Core Heat Exchanger Area Formula
A = \frac{C}{U \cdot \Delta T}Where A is the required heat-transfer area, C is the heat duty or exchanger capacity, U is the overall heat transfer coefficient, and ΔT is the effective temperature driving force. Some references write the heat duty as Q, and some simplified calculators describe the coefficient as k instead of U.
C = U \cdot A \cdot \Delta T
What Each Input Means
- Heat duty / capacity (C): the amount of heat that must be transferred per unit time.
- Overall heat transfer coefficient (U): a combined measure of how easily heat moves from one fluid, through the wall, to the other fluid. It is affected by convection on both sides, wall conductivity, and fouling.
- Temperature difference (ΔT): the thermal driving force between the hot and cold streams.
- Area (A): the actual heat-transfer surface area required to move the target heat load.
How to Enter Values Correctly
- Determine the required heat duty from the process load.
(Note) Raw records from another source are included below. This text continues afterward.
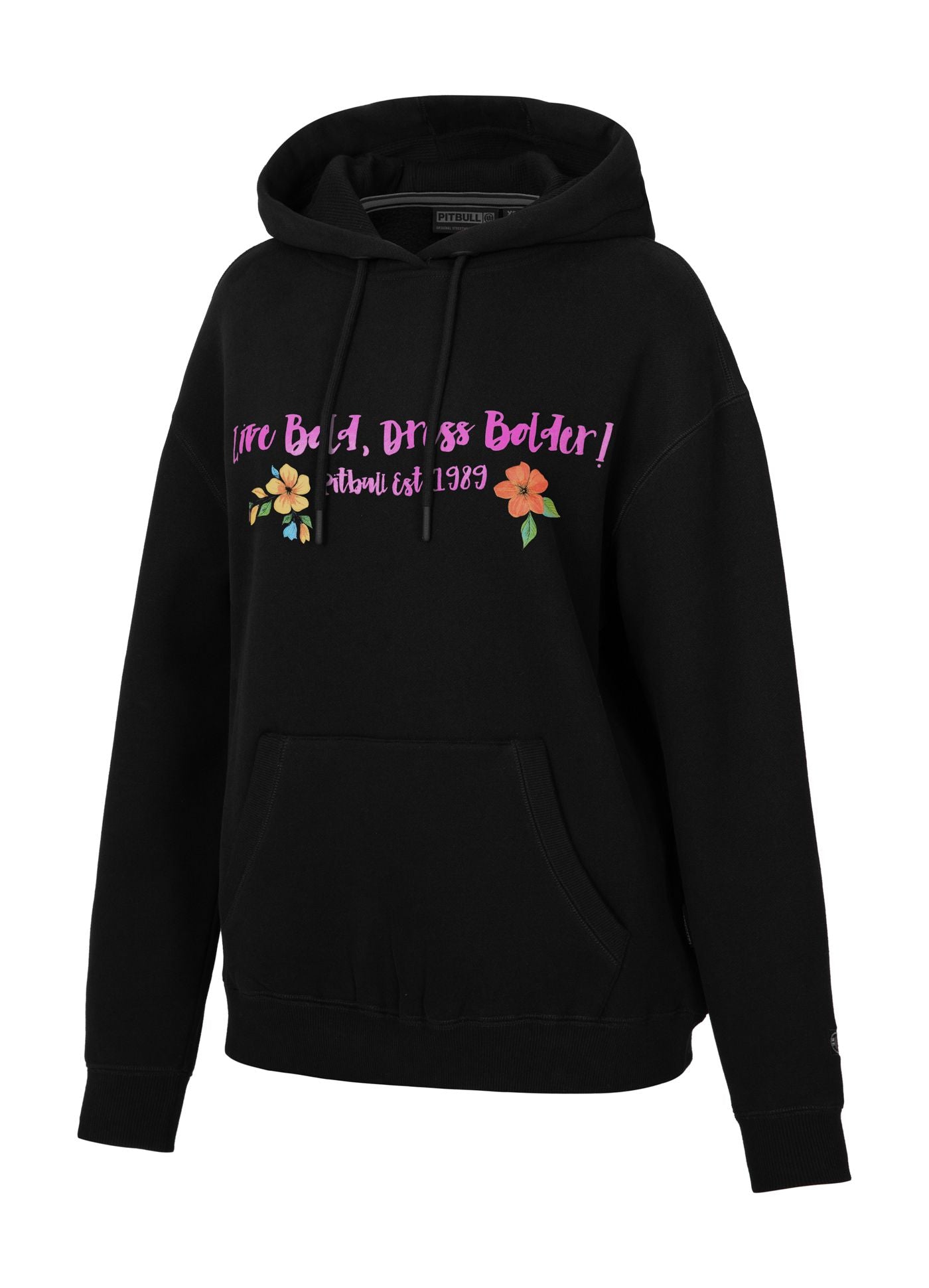 - large front kangaroo pocket with ribbed trim on the sides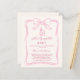 A soft ivory colored background, decorated with a hand drawn pink bow. Personalize and add a name and party details.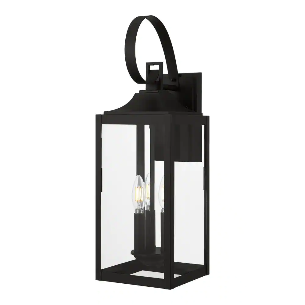 Home Decorators Collection Havenridge 3-Light Matte Black Hardwired Outdoor Wall Lantern Sconce with Clear Glass (1-Pack)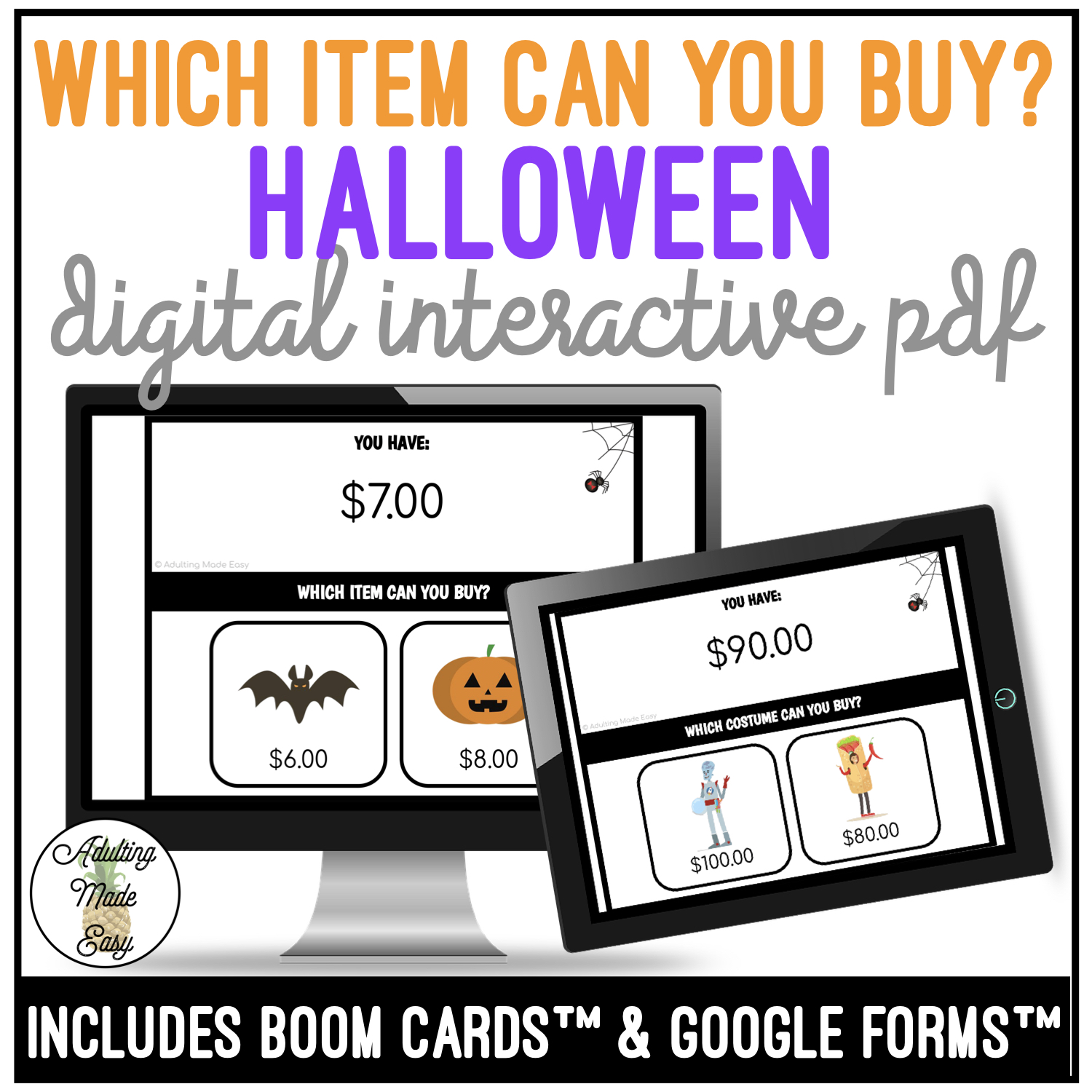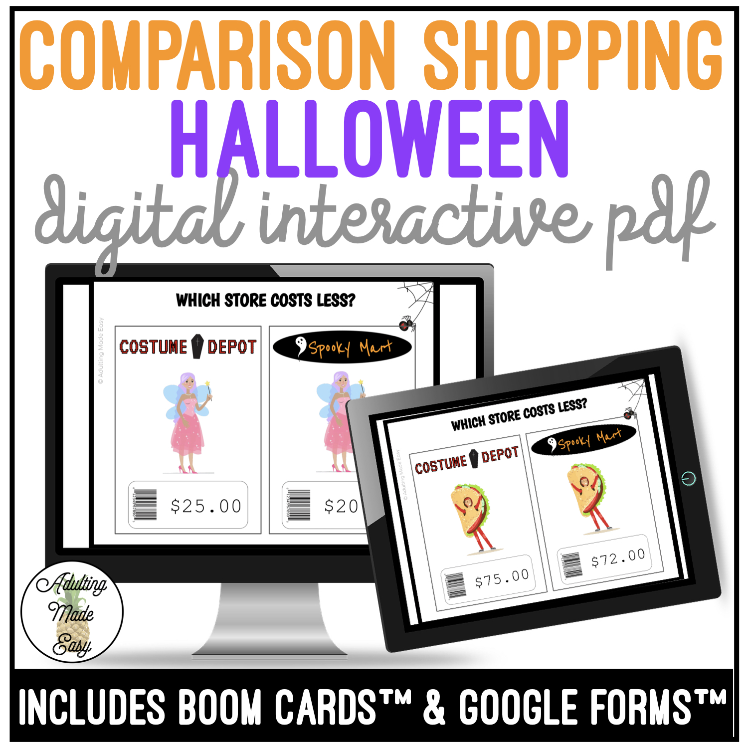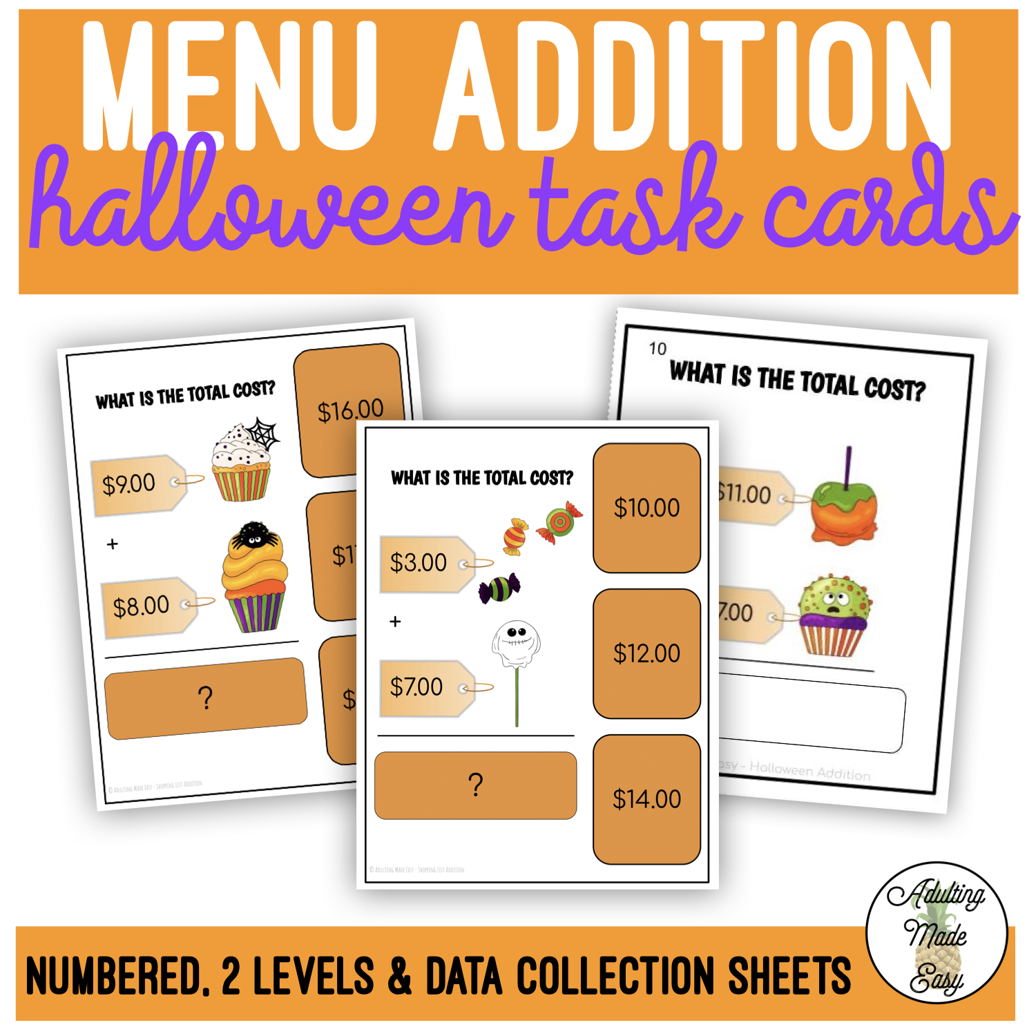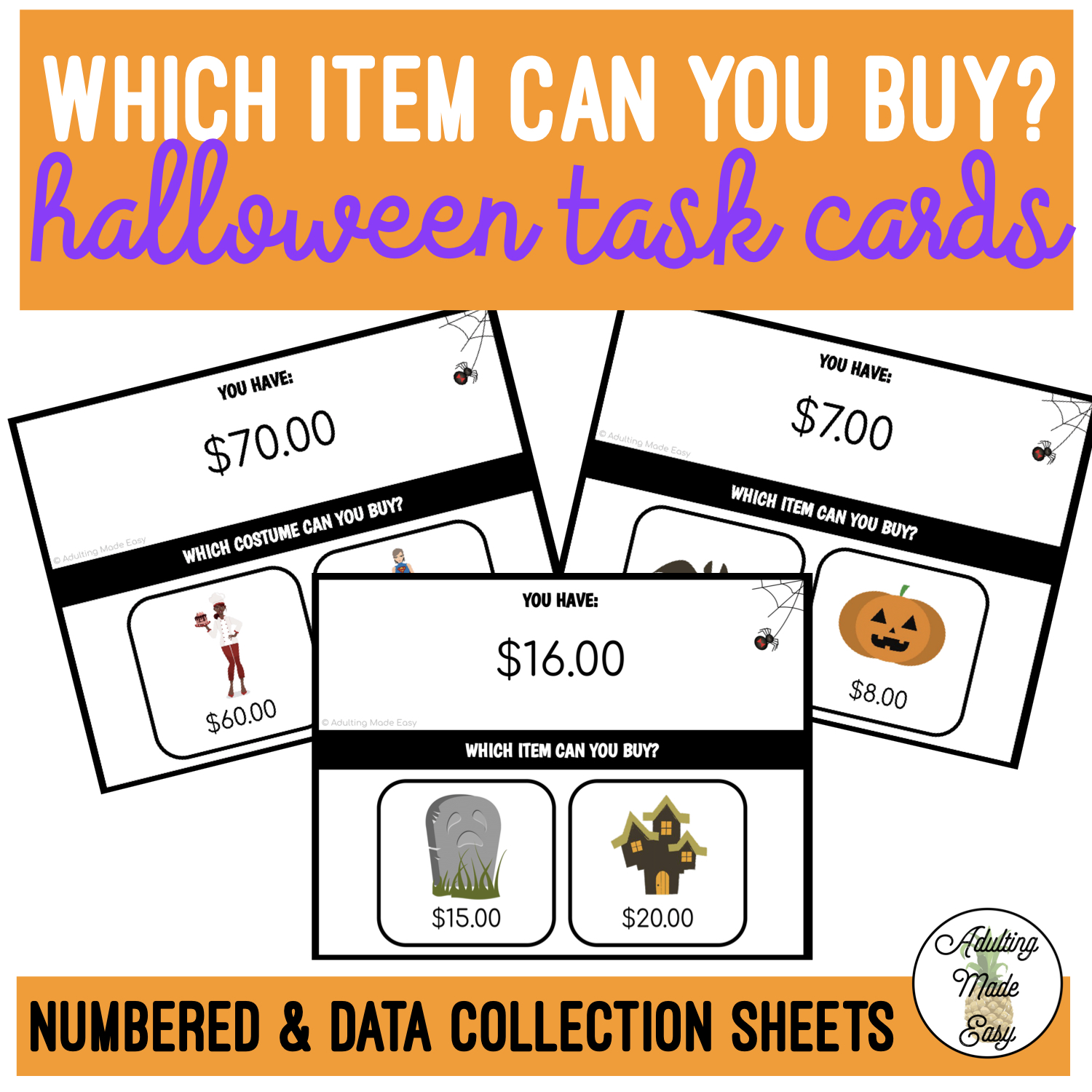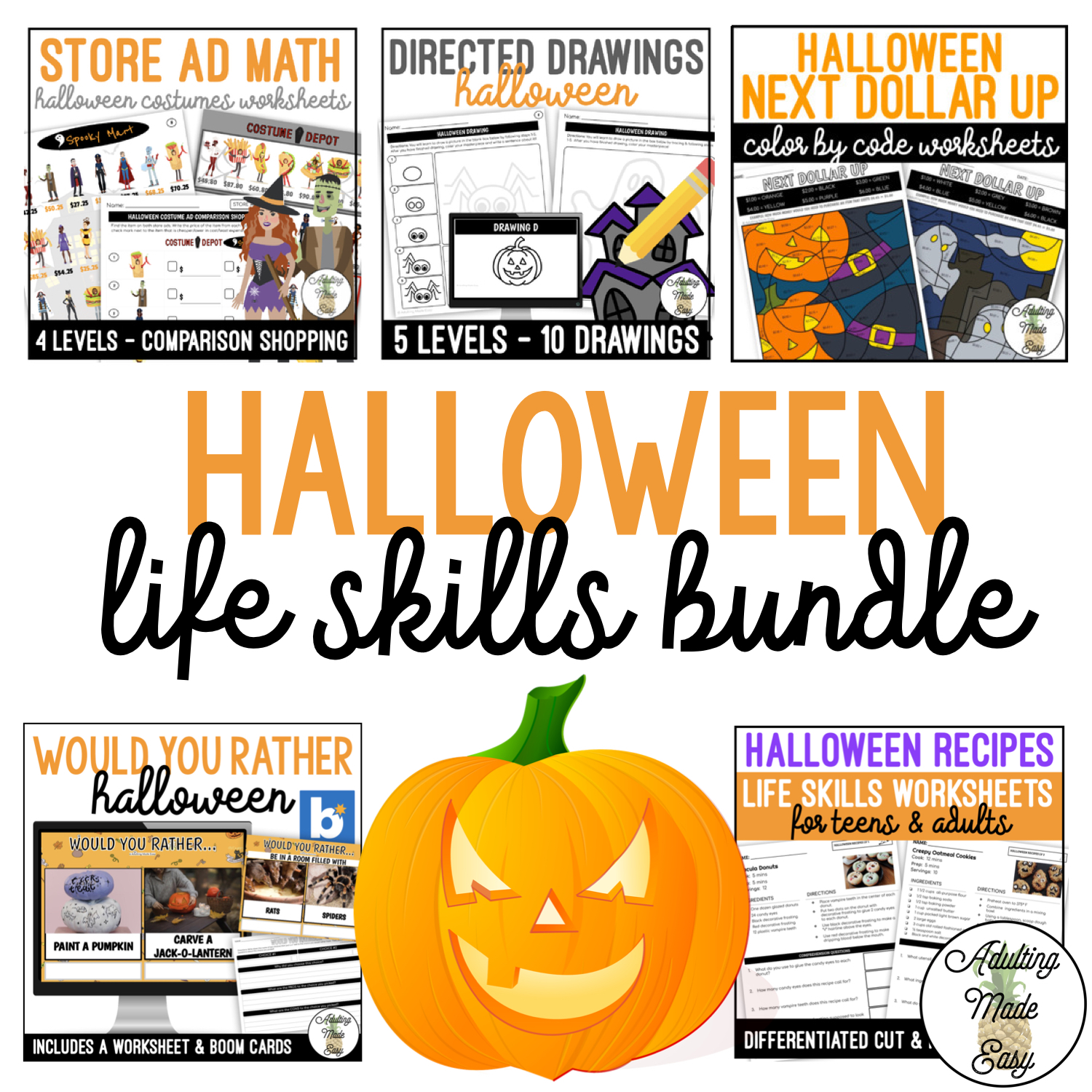 MONEY SAVING BUNDLE of life skills activities that are Halloween-themed but also functional to everyday life. Think to yourself – you Comparison Shop for a Halloween costume or cook a fun spooky recipe. Here are math, reading, art and other functional activities you can use this October!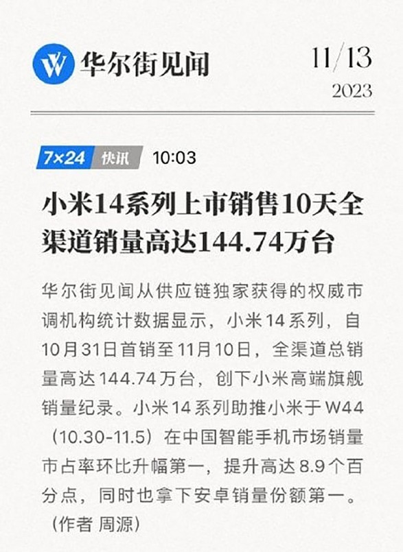 Theo Wall Street Insights, Xiaomi hiện đã bán được 1.4474 triệu điện thoại thông minh dòng Xiaomi 14 trong 10 ngày đầu tiên. Đây là kỷ lục mới dành cho dòng điện thoại cao cấp hàng đầu của Xiaomi.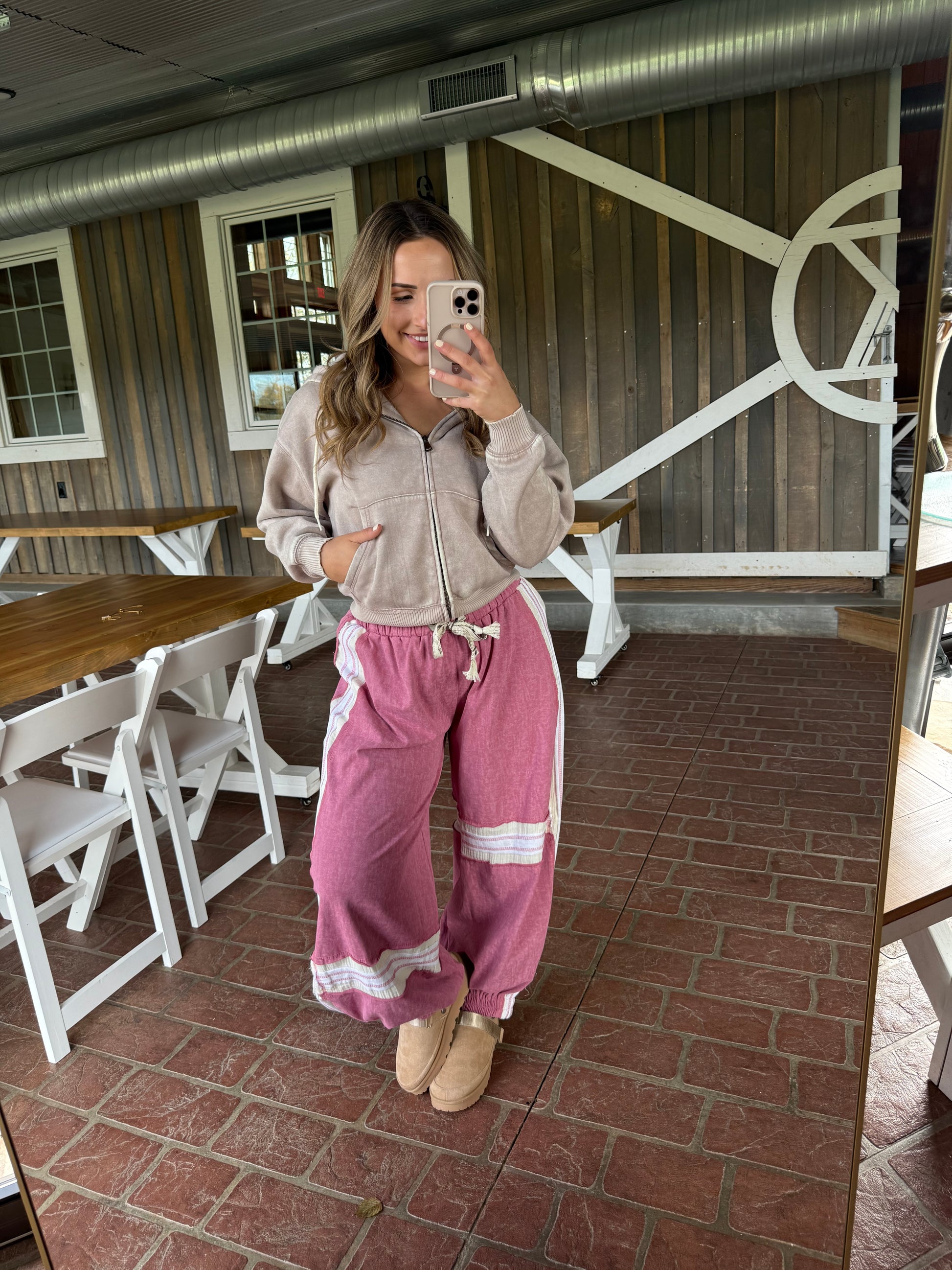 These jogger pants showcase a unique mix of double gauze and color-blocked patchwork for an artisanal touch. The design is elevated with bold overlock stitch accents, exposed outseam detailing, and a waist loop with hand-painted finish that adds a creative edge. A vintage-washed solid color completes the look, giving the pants a worn-in yet modern appeal.

- Select a realistic heat transfer coefficient based on the fluid pair, material, flow regime, and expected cleanliness.
- Use a representative temperature difference for the exchanger.
- Enter any three known values and solve for the fourth.
- If your design is still conceptual, add margin afterward for fouling, uncertainty, or future operating changes.
When a Simple Temperature Difference Is Not Enough
In real exchangers, the temperature difference usually changes from one end of the unit to the other. When you know the inlet and outlet temperatures of both streams, the more realistic driving force is the log mean temperature difference, commonly called LMTD. In that case, substitute ΔTlm for ΔT in the area equation.
\Delta T_{lm} = \frac{\Delta T_1 - \Delta T_2}{\ln\left(\frac{\Delta T_1}{\Delta T_2}\right)}A = \frac{C}{U \cdot \Delta T_{lm}}Consistent Unit Pairings
| Heat Duty | Heat Transfer Coefficient | Temperature Difference | Area Result |
|---|---|---|---|
| BTU/h | BTU/ft²·h·°F | °F | ft² |
| W | W/m²·K | K | m² |
| kW or MW | W/m²·K | °C or K difference | m² after consistent conversion, or by using the calculator’s unit controls |
The most common input error is mixing systems, such as pairing BTU/h with W/m²·K. Keep every variable in one unit system unless the calculator is explicitly handling the conversion for you.
Fast Sensitivity Checks
| Change | Effect on Required Area |
|---|---|
| Capacity doubles | Area doubles if U and ΔT stay the same |
| U doubles | Area is cut in half if capacity and ΔT stay the same |
| ΔT doubles | Area is cut in half if capacity and U stay the same |
| Fouling increases | Effective U drops, so required area increases |
Examples
If the exchanger must transfer 120000 BTU/h, the overall heat transfer coefficient is 60 BTU/ft²·h·°F, and the temperature difference is 25°F:
A = \frac{120000}{60 \cdot 25} = 80 \text{ ft}^2If the exchanger must transfer 75 kW and the overall heat transfer coefficient is 500 W/m²·K with a 15°C temperature difference, first express 75 kW as 75000 W:
A = \frac{75000}{500 \cdot 15} = 10 \text{ m}^2Common Mistakes to Avoid
- Using the wrong temperature difference: a single end-point difference can understate or overstate the real driving force.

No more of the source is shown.